1. Field of the Invention
An embodiment, including related aspects, of the present invention relates to a method for the partial or total modification of functional groups on the surface of polymeric or polymer-containing materials, by means of combined plasma functionalization and localized thermal defunctionalization. In an aspect at first, a surface of a material is exposed to cold plasma, whereby a desired polymer functionalization is achieved. After the plasma-treatment, the surface is locally heated in an optional manner, primarily by means of an electron beam, resulting in the local defunctionalization of the heated area. By directing the electron beam across the surface of the material, any desired distribution of functional groups can be obtained on the surface. Another embodiment, including related aspects, of the present invention relates to a device enabling the performance of such a treatment.
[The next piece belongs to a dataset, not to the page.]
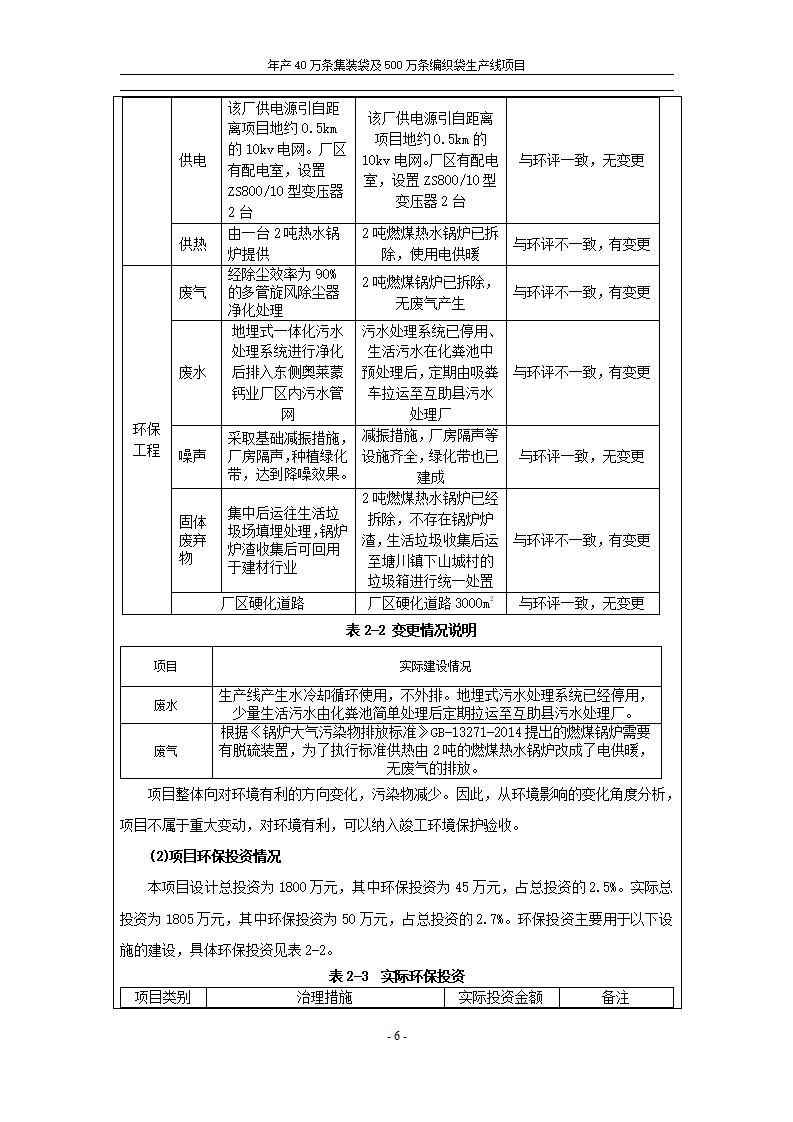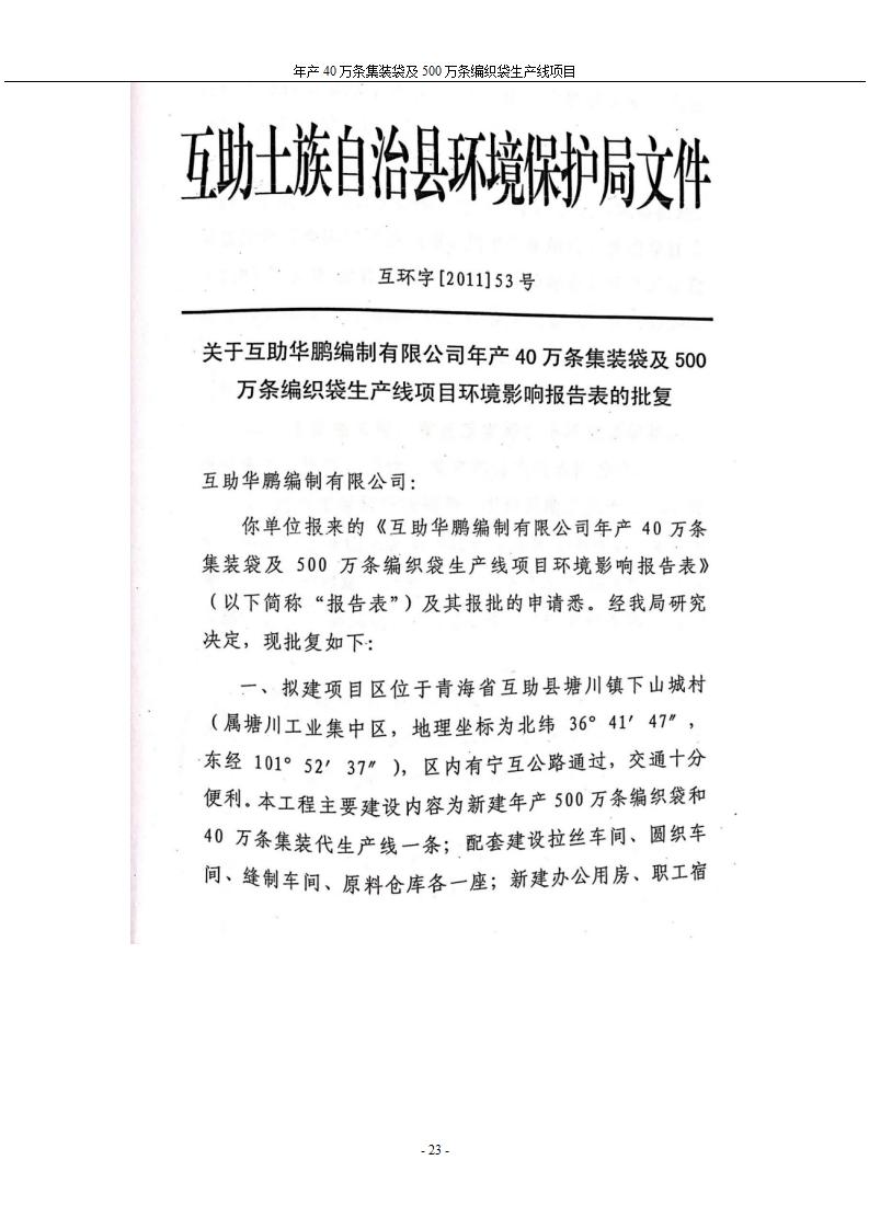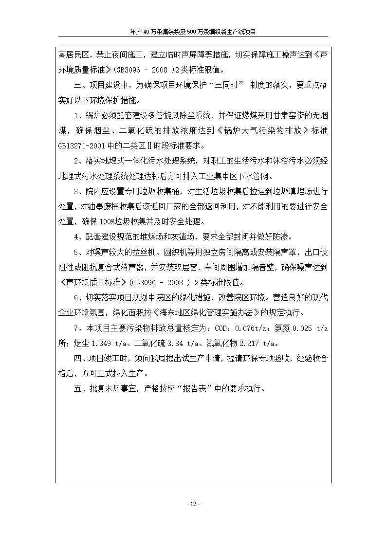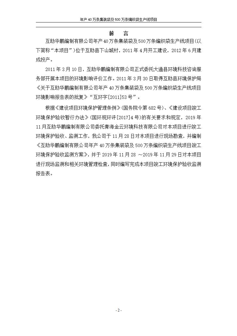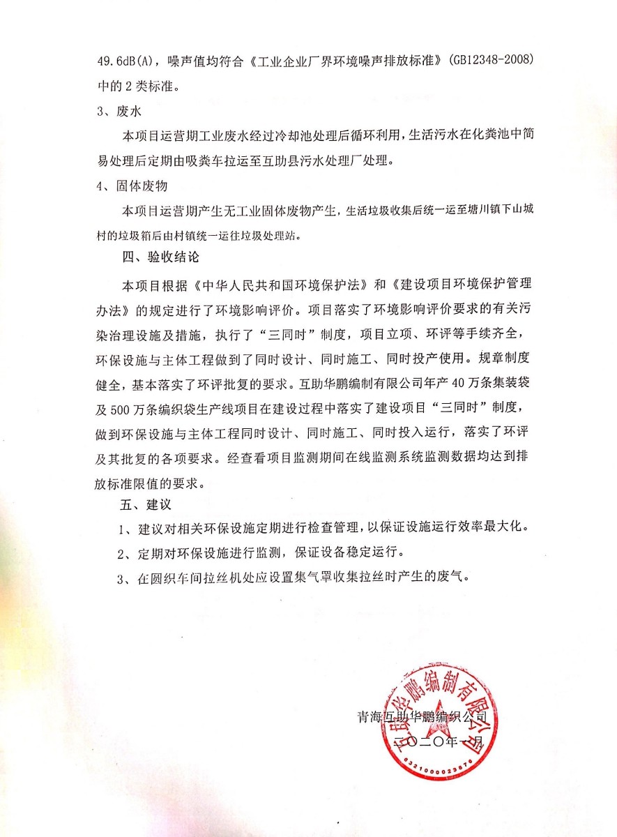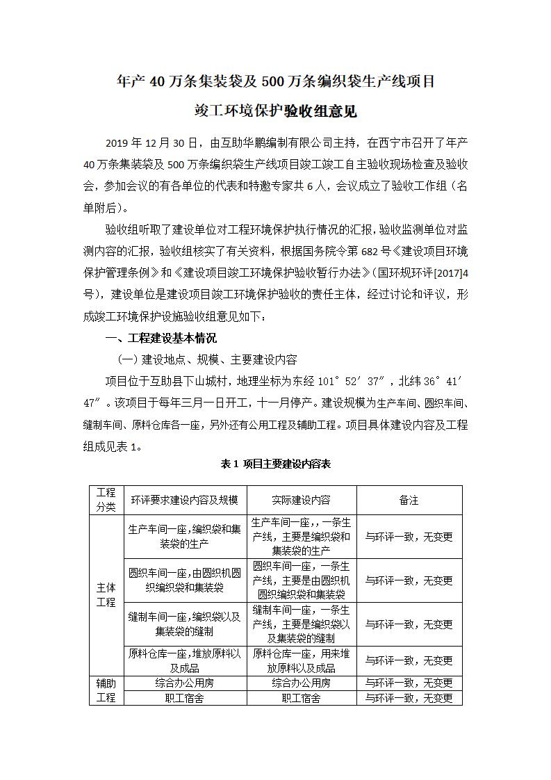根據(jù)中華人民共和國國務(wù)院令第682號《國務(wù)院關(guān)于修改〈建設(shè)項(xiàng)目環(huán)境保護(hù)管理?xiàng)l例〉的決定》和《建設(shè)項(xiàng)目竣工環(huán)境保護(hù)驗(yàn)收暫行辦法》(國務(wù)院令682號),年產(chǎn)40萬條集裝袋及500萬條編織袋生產(chǎn)線項(xiàng)目(包括竣工環(huán)境保護(hù)驗(yàn)收調(diào)查表和驗(yàn)收意見)公示如下。 一、項(xiàng)目名稱: 年產(chǎn)40萬條集裝袋及500萬條編織袋生產(chǎn)線項(xiàng)目 二、地點(diǎn):互助縣塘川鎮(zhèn)下山城村 五、聯(lián)系人:張工 六、聯(lián)系電話:0971-6515411 七、公示時間:二〇二〇年一月十三日至二〇二〇年二月十二日 公示期間,對上述公示內(nèi)容如有異議,請以書面形式反饋,個人須署真實(shí)姓名,單位須加蓋公章。

2. Presentation of the Problem
Polymeric or polymer-containing materials (in the following text: polymer material) exhibit surface properties determined by the polymer type. It is oftentimes desirable to modify the surface properties of a polymer material. The modification of surface properties is desirable, especially owing to the need for biocompatibility of the materials (with various implants, prostheses, and for the culture of biological cells and fibrils), or the need to improve the adhesion of various coating materials on a polymer surface. Normally, the surface of a polymer material has to be activated to enhance its wettability and surface energy, respectively, for example prior to metallization, printing, or dyeing. Or otherwise, it may be activated to provide favorable conditions for the growth of biological tissues on a polymer material. A polymer surface can be activated by an attachment of various polar functional groups thereto. If passivation of a surface is desired (e.g., reduction of wettability or surface energy, respectively, for example to render textiles hydrophobic or to inhibit the propagation of microorganisms on biocompatible materials), a thin layer of non-polar functional groups may be applied to a surface. The application of functional groups is termed functionalization of a polymer material. Functionalization may be achieved by various treatments, primarily by exposure of a polymer material to a cold plasma. In the case of activation, oxygen or nitrogen containing plasma is often used. In the case of passivation, fluorine and chlorine are chosen. Such treatments enable achieving a wide range of polymer wettability, from moderate hydrophilicity to significant hydrophobicity.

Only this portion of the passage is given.